1 and 2 , a non-destructive ultrasonic testing instrument for plate welds includes a U-shaped plate 1 , a positioning clamping device 2 and a mobile testing device 3 , wherein the U-shaped plate 1 is provided with the positioning clamping device 2 and the mobile testing device 3 .

1 and 2 , the positioning and clamping device 2 comprises a guiding mechanism 21, a positioning mechanism 22, a clamping mechanism 23 and a blocking mechanism 24. The blocking mechanism 24 is arranged at the rear end of the U-shaped plate 1, the clamping mechanism 23 is arranged on the left side of the U-shaped plate 1, and the guiding mechanism 21 and the positioning mechanism 22 are arranged on the right side of the U-shaped plate 1 in sequence from front to back, and the clamping mechanism 23 and the positioning mechanism 22 are relatively distributed on the left and right. During specific operation, the positions of the positioning mechanism 22, the guiding mechanism 21 and the blocking mechanism 24 are first adjusted according to the size of the plate 100, and then the plate 100 to be inspected is transported from the front end of the U-shaped plate 1 to the U-shaped plate 1 manually or by existing machinery, and the position of the plate 100 is first adjusted by the guiding mechanism 21, and when the rear end of the plate 100 conflicts with the blocking mechanism 24, the plate 100 is clamped between the clamping mechanism 23 and the positioning mechanism 22 by the clamping mechanism 23.

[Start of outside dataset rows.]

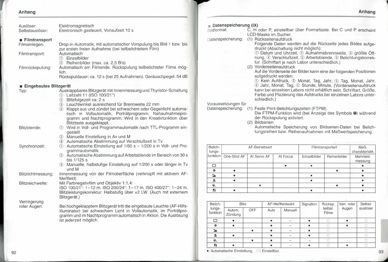 Blitzlichtmessung: Innenmessung von der Filmoberfläche (verknüpft mit aktivem AF-
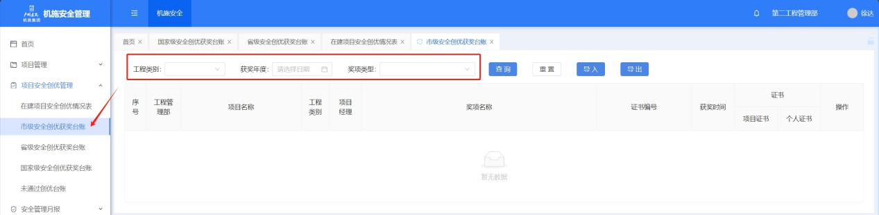 点击菜单进入市级安全创优获奖页面,筛选工程类别、获奖年度,奖项类型,点击【查询】按筛选条件查询。支持【导入】外部文件,点击【导出】可以导出台账。点击【编辑】进入市级安全创优获奖台账编辑页面。
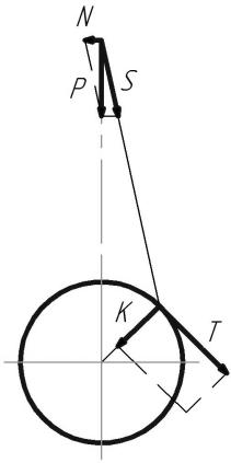 оси кривошипа (К) и силы (Т), действующей перпендикулярно к силе
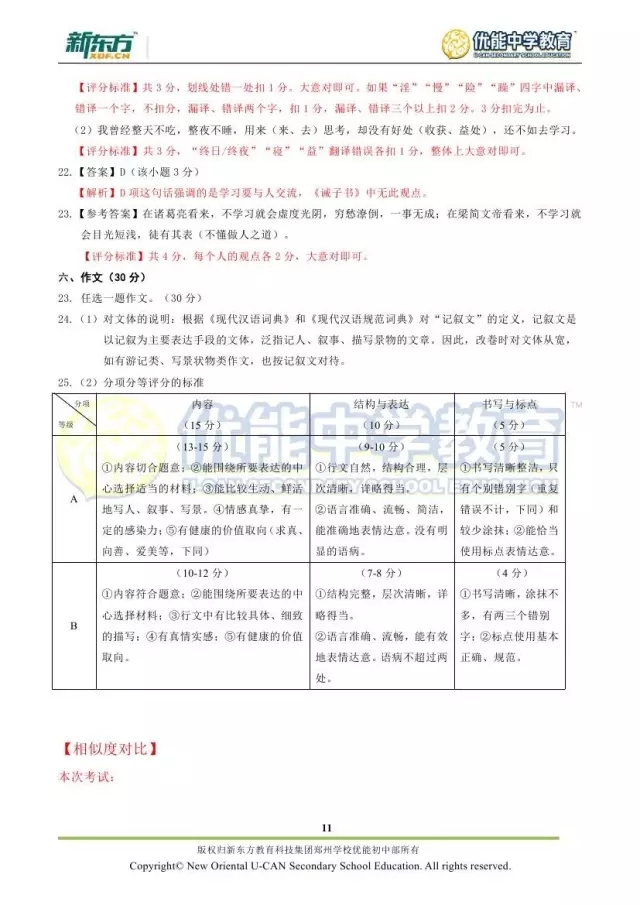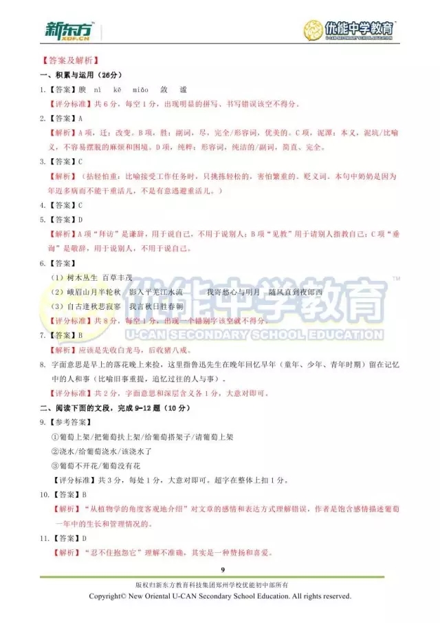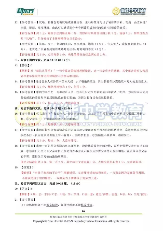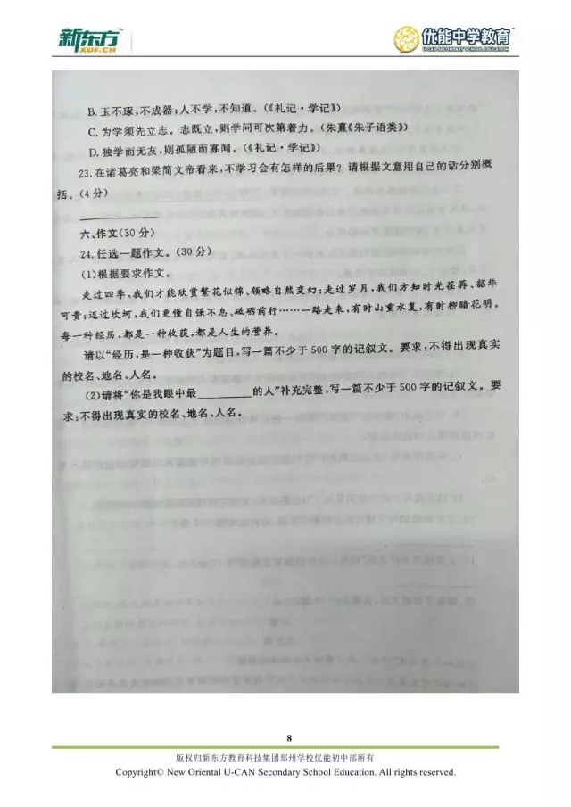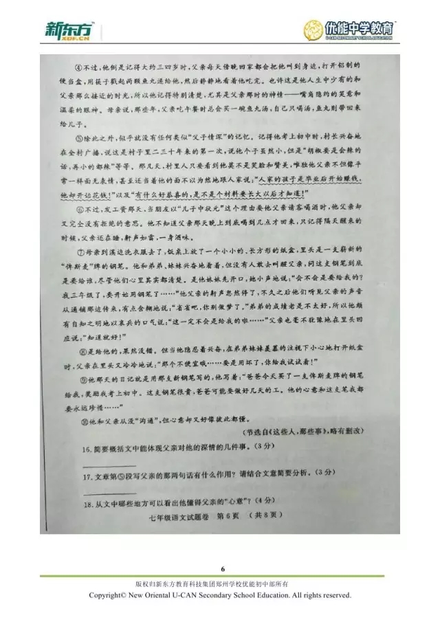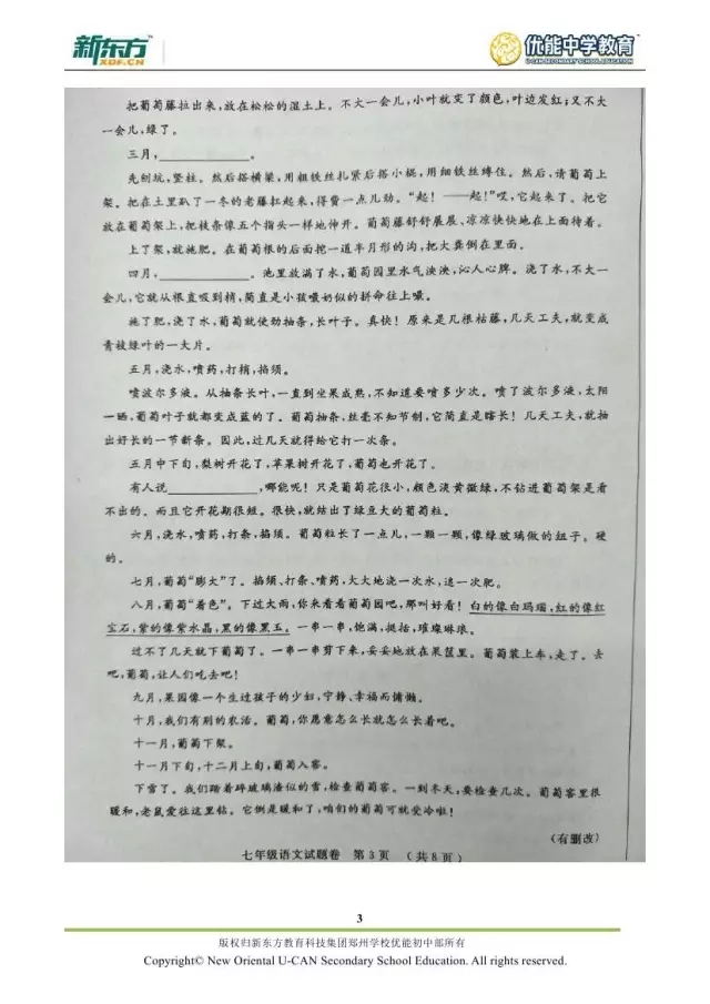 2017郑州七年级语文期末试卷解析来袭【郑州新东方】

Referring to Figures 1 to 3, the barrier mechanism 24 includes a U-shaped clip 241, a connecting strip 242, a return frame 243 and a barrier plate 244. A return frame 243 is provided on the rear side of the U-shaped plate 1, and the return frame 243 is arranged with upper and lower openings. A barrier plate 244 is provided in the return frame 243 for sliding up and down. The return frame 243 is connected to connecting strips 242 on both sides. A U-shaped clip 241 is installed on the end of the connecting strip 242 away from the return frame 243, and the U-shaped clip 241 is clamped on the side wall of the U-shaped plate 1.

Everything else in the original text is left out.